Sur l’application de l’article L. 761-1 du code de justice administrative :
16. Il y a lieu, dans les circonstances de l’espèce, de mettre à la charge de l’Etat et de la société Daikin chemical France la somme de 1 000 euros chacun à verser aux requérantes au titre des frais non compris dans les dépens qu’ils ont exposés.
ORDONNE :
Article 1er : L’intervention de la commune d’Oullins-Pierre-Bénite est admise.
Article 2 : L’intervention de l’association Notre affaire à tous et de l’association Notre affaire à tous Lyon est admise.
Article 3 : L’exécution de l’arrêté du 2 février 2024 de la préfète du Rhône prenant acte du dossier de création d’une unité de fabrication en pré-compound sur l’installation exploitée par la société Daikin chemical France à Pierre-Bénite est suspendue.
Article 4 : L’Etat versera à l’association « Bien vivre à Pierre-Bénite » et à Mme C la somme de 1 000 euros au titre de l’article L. 761-1 du code de justice administrative.
Article 5 : La société Daikin chemical France versera à l’association « Bien vivre à Pierre-Bénite » et à Mme C la somme de 1 000 euros au titre de l’article L. 761-1 du code de justice administrative.
Article 6 : La présente ordonnance sera notifiée à l’association « Bien vivre à Pierre-Bénite », à Mme A C, au ministre de la transition écologique et de la cohésion des territoires, à la société Daikin chemical France, à la commune d’Oullins-Pierre-Bénite, à l’association Notre affaire à tous et à l’association Notre affaire à tous Lyon.

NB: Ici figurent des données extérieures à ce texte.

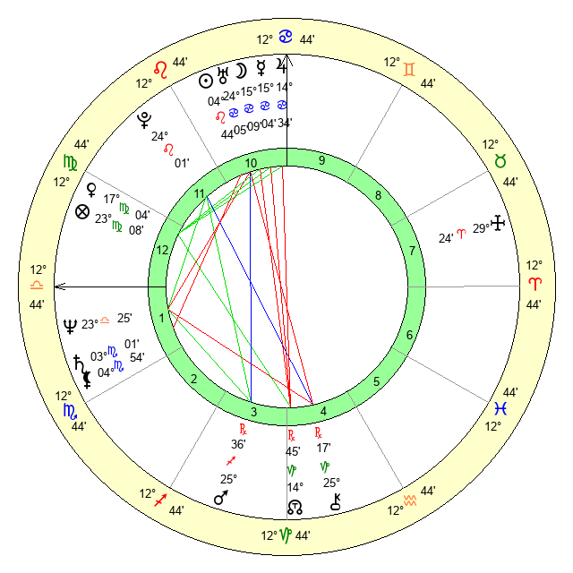 | Mercury | 15 Cancer 4 | 11 Leo 38 | 8 Scorpio 54 |
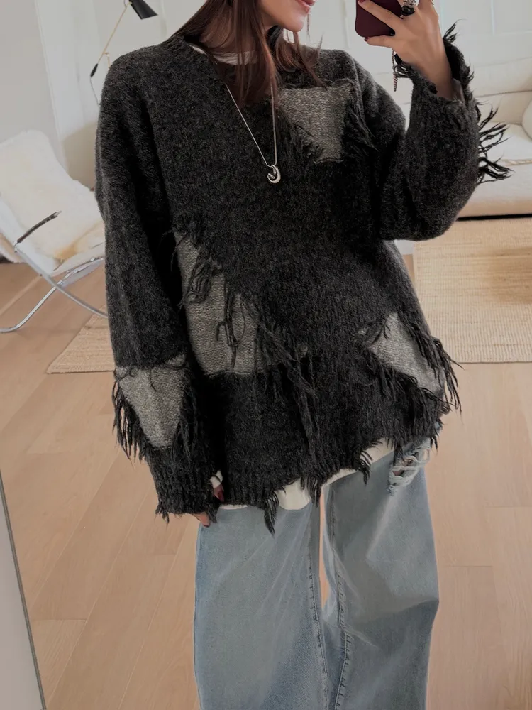 (sale)個性撞色破洞毛衣/兩色
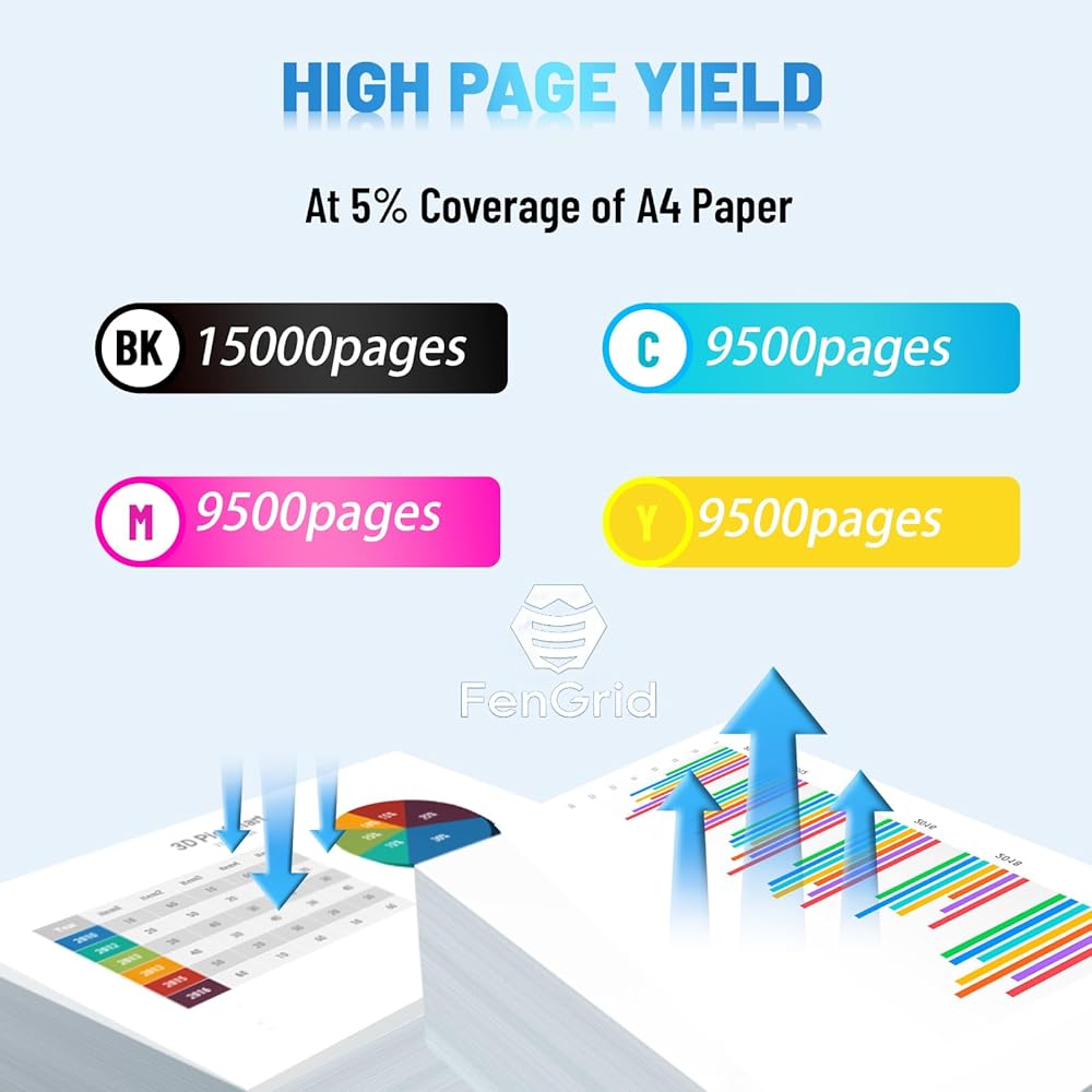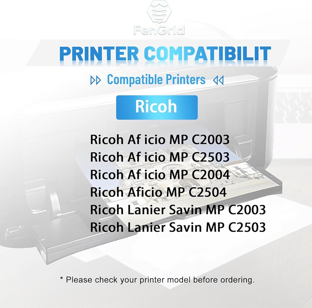 Page yield: Up to 15,000 pages per 841918 black cartridge and Up to 9,500 pages per 841919 841920 841921 color cartridge (at 5% coverage, Letter). Get up to more pages with FenGrid MP C2503 toner unit compared to standard one.
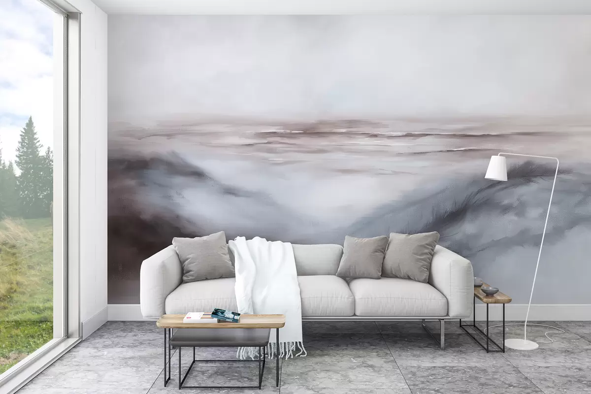 Fototapeter Abstrakt landskap i pastellfarger, penselstrøk, strand, hav, grå fargepallet Nr. w08141
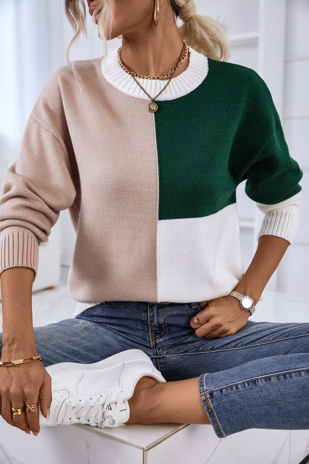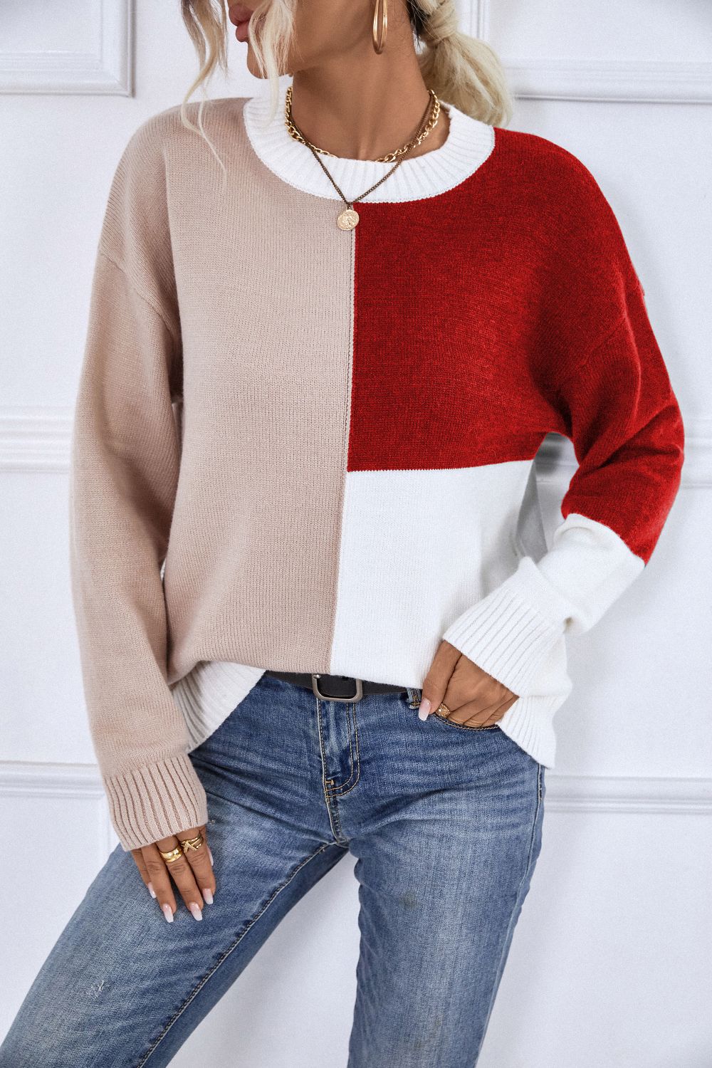 The Contrast Ribbed Trim Round Neck Sweater features a ribbed design with a color block pattern. Stunning, yet casual, this sweater is great for all occasions.
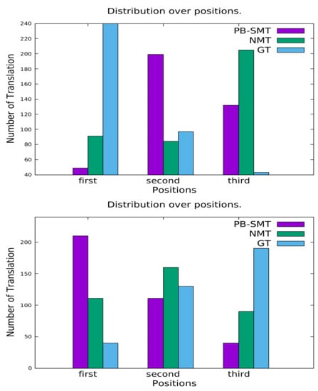 Using the submissions from the ranking task, we also obtained the distributions of the translations by the PB-SMT, NMT, and GT MT systems over the three ranking positions, which are shown in the upper graph of Figure 1. We see here that the majority of the translations that the evaluators tagged as “best” (cf. “first” in the upper graph of Figure 1) were from GT followed by NMT and PB-SMT. In case of the “worst” position (cf. “third” in the upper graph of Figure 1), we saw that the majority of the translations were from the NMT systems followed by the PB-SMT and GT MT systems. When we looked at the second position, we saw that PB-SMT was the winner, and NMT and GT were nearly neck-and-neck.
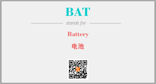 英文缩略词“BAT”经常作为“Battery”的英文缩写来使用,中文表示:“电池”。本文将详细介绍英文缩写词BAT所代表英文单词,其对应的中文拼音、详细解释以及在英语中的流行度。此外,还有关于缩略词BAT的分类、应用领域及相关应用示例等。
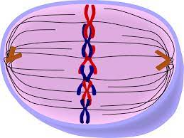 The already replicated chromosomes line up at the equator of the cell (the metaphase plate). This is where most mitotic errors occur, as it determines the separation of sister chromatids.
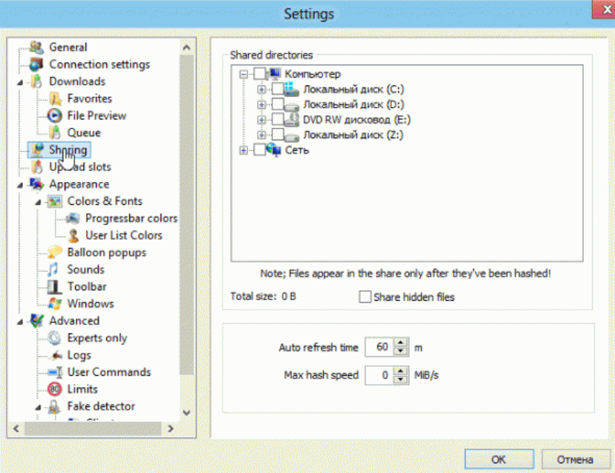 А в разделе Sharing следует указать папки, файлы в которой вы разрешаете скачивать другим пользователям. Именно в нее потребуется скопировать или переместить именно тот большой файл.
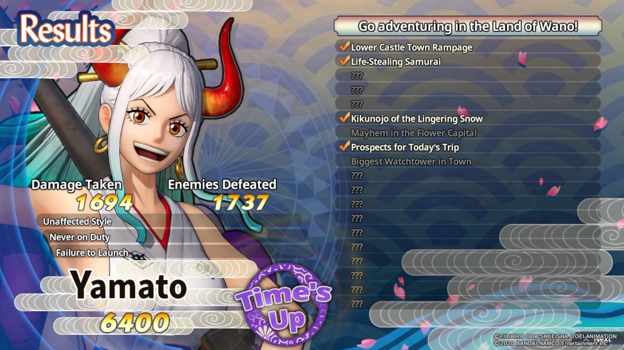 On the subjects, there are four stages that reuse the maps from the base game, as in the Land Of Wa, Tottoland, Marineford and Sabaody ones, with each more difficult than the ones before and a fitting recommended level indicator. So sadly no new maps to play in, even one would have been nice, as it would have been a proper list of the unlocked objectives/missions for each stage/area (which does appear, but only in the result screens), for completition’s sake.

Copie en sera adressée à la préfète du Rhône.
Fait à Lyon, le 20 juin 2024.
Le juge des référés,
T. Besse
La greffière,
S. LecasLa République mande et ordonne au ministre de la transition écologique et de la cohésion des territoires en ce qui le concerne ou à tous commissaires de justice à ce requis en ce qui concerne les voies de droit commun contre les parties privées, de pourvoir à l’exécution de la présente décision.